Task to complete: Return exactly the lines of the records below, starting at the line that contains "4. 在一个项目中使用了GP" and ending at the line that contains "1. Gather ingredients.", with both of those lines kept.

Given records:
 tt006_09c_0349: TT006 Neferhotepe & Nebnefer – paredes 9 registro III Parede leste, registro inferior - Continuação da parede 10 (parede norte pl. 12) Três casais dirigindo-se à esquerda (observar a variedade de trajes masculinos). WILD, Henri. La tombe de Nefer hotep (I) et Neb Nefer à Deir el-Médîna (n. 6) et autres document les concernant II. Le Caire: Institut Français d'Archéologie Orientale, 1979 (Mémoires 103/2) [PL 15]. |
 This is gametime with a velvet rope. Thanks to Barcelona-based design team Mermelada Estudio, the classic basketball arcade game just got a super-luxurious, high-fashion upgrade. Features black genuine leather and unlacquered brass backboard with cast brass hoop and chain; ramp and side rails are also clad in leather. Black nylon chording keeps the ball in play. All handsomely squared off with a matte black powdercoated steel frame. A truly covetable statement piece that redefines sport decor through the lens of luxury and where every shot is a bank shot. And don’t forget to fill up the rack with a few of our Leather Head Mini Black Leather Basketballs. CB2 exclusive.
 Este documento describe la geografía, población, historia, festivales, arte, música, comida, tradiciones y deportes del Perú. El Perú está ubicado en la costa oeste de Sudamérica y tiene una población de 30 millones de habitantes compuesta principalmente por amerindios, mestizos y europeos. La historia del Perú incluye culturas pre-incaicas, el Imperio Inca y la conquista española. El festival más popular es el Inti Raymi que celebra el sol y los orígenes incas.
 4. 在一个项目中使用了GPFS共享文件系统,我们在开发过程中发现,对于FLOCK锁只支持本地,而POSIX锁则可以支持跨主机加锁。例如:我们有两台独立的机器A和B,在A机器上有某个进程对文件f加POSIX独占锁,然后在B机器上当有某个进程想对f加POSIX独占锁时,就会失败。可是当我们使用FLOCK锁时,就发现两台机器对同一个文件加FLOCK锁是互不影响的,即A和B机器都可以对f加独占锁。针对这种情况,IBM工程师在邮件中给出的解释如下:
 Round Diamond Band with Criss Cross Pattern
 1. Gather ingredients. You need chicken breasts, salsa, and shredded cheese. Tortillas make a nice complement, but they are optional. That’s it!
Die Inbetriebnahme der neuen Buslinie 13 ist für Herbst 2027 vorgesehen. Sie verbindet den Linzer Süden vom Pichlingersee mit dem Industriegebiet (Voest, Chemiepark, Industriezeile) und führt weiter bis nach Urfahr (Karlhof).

* * *

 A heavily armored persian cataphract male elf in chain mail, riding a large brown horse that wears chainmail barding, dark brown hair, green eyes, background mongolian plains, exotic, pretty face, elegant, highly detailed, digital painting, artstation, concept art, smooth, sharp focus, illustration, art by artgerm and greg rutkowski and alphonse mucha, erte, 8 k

Task result:
 4. 在一个项目中使用了GPFS共享文件系统,我们在开发过程中发现,对于FLOCK锁只支持本地,而POSIX锁则可以支持跨主机加锁。例如:我们有两台独立的机器A和B,在A机器上有某个进程对文件f加POSIX独占锁,然后在B机器上当有某个进程想对f加POSIX独占锁时,就会失败。可是当我们使用FLOCK锁时,就发现两台机器对同一个文件加FLOCK锁是互不影响的,即A和B机器都可以对f加独占锁。针对这种情况,IBM工程师在邮件中给出的解释如下:
 Round Diamond Band with Criss Cross Pattern
 1. Gather ingredients. You need chicken breasts, salsa, and shredded cheese. Tortillas make a nice complement, but they are optional. That’s it!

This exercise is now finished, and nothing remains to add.